Hereʼs a draft of the signature I made:

Signature-Draft
Figure 18. Signature draft.

Letʼs walk through how the Suricata rule is crafted to catch this type of exfiltration.

1. Header Matching: Subject, PC Name, and VIP Recovery

We begin by looking for indicators in the Subject line. This field carries key metadata, such as the infected PC Name and a suspicious tag: VIP Recovery. The rule below scans for:

  • "Subject:" (case-insensitive),
  • "Pc Name:" right after,
  • And the keyword format. "| / VIP Recovery" — which appears to be part of a signature-like format.
  • content:"Subject|3a|"; nocase;
  • content:"Pc Name|3a|"; distance:0;
  • content:"|7c| |2f| VIP Recovery"; fast_pattern;
  • "Subject|3a|" and "Pc Name |3a|" match the respective labels.
  • The third pattern matches the visual structure "| / VIP Recovery"
  • "fast_pattern" enables Suricata to efficiently index the content for quick scanning.

This entire structure is an excellent indicator of an attacker tagging the system or session with something recognizable for them, such as a “VIP Recoveryˮ tag.

2. Content-Transfer-Encoding: base64 as an Anchor

The "Content-Transfer-Encoding" field of the email header shows that this content is encoded in Base64. This is a critical point of detection because attackers often use Base64 to hide plaintext data during exfiltration.

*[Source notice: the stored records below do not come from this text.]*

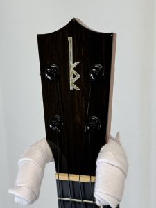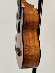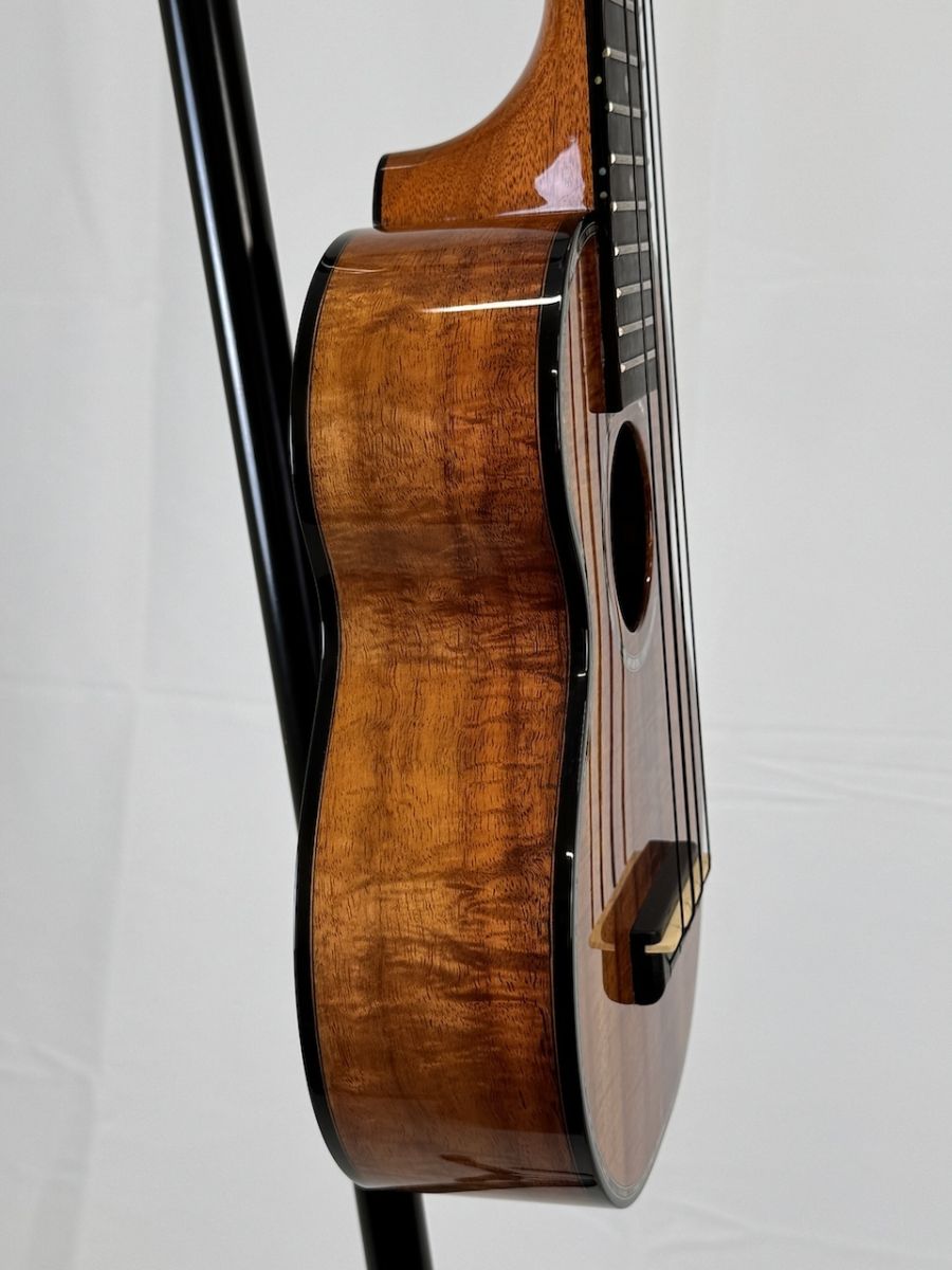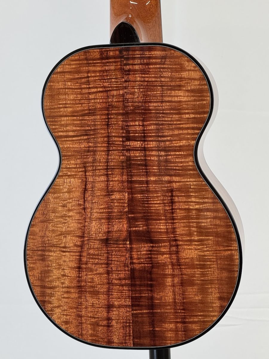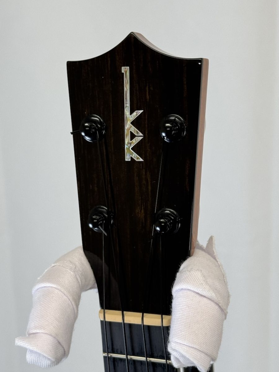 ボディ材には綺麗な木目の浮かぶカーリーハワイアンコアを贅沢に使用し、ブリッジ、指板にはこれもまた高級材であるエボニーを使用しております。
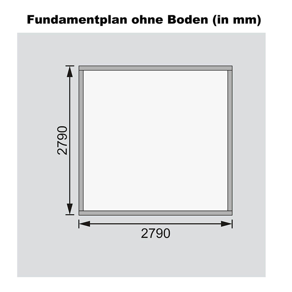 - Sockelmaß: B 280 x T 280 cm
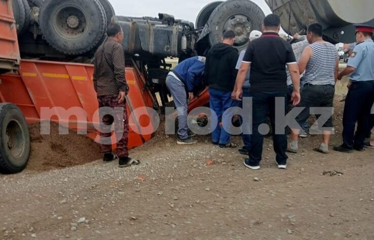 Водитель легкового автомобиля выехал на встречную полосу - На трассе в ЗКО опрокинулся КамАЗ
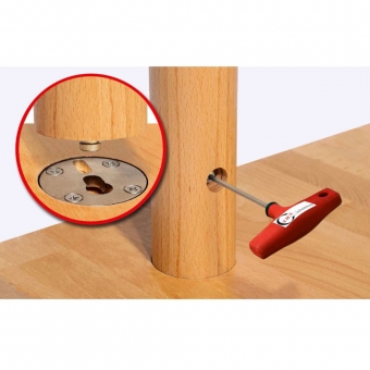 Das XS-Beschlagsystem wurde jetzt um einen Ankerdübel zur Montage von starken Tischfüssen (ab 50/90 mm Stärke) ergänzt. Die Befestigung erfolgt direkt an der Tischplatte. Mit diesem Beschlagsystem ist eine schnelle und moderne Tischfabrikation möglich.
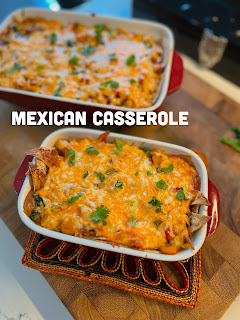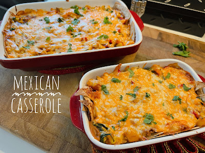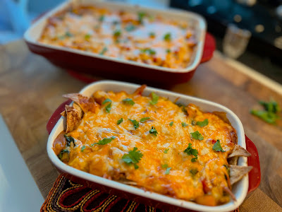 Cover loosely with foil and bake for 20-25 minutes, until the sauce is bubbling and the cheese is melted. Serve with cilantro and sour cream.

The rule matches this field like so:

content:"base64|0d 0a 0d 0a|"; distance:0;

This looks for the string "base64" followed by two newline sequences (\r\n\r\n), which signals the end of headers and the start of the encoded body.

It's a strong anchor — once we hit this point, we can assume any data afterward is Base64 and can begin decoding.

3. Decoding and Matching the Payload

At this point, we decode the Base64 data — but only a portion of it. Why?

  • Performance reasons: We limit it to 68 bytes so Suricata doesnʼt process a large payload, which could cause false positives or slow scanning.
  • Offset  0: Tells Suricata to start decoding immediately after the last match (base64\r\n\r\n).
  • "relative": Ensures the decoding is done relative to where the previous match occurred — maintaining positional accuracy.

We then look for keywords like "Cookies" and "VIP Recovery" in the decoded content:

  • base64_decode:bytes 68, offset 0, relative;
  • base64_data;
  • content:"Cookies";
  • content:"VIP Recovery"; distance:0;
  • base64_data signals that Suricata should now analyze the decoded content
  • This allows us to find attacker-defined markers inside the exfiltrated payload itself.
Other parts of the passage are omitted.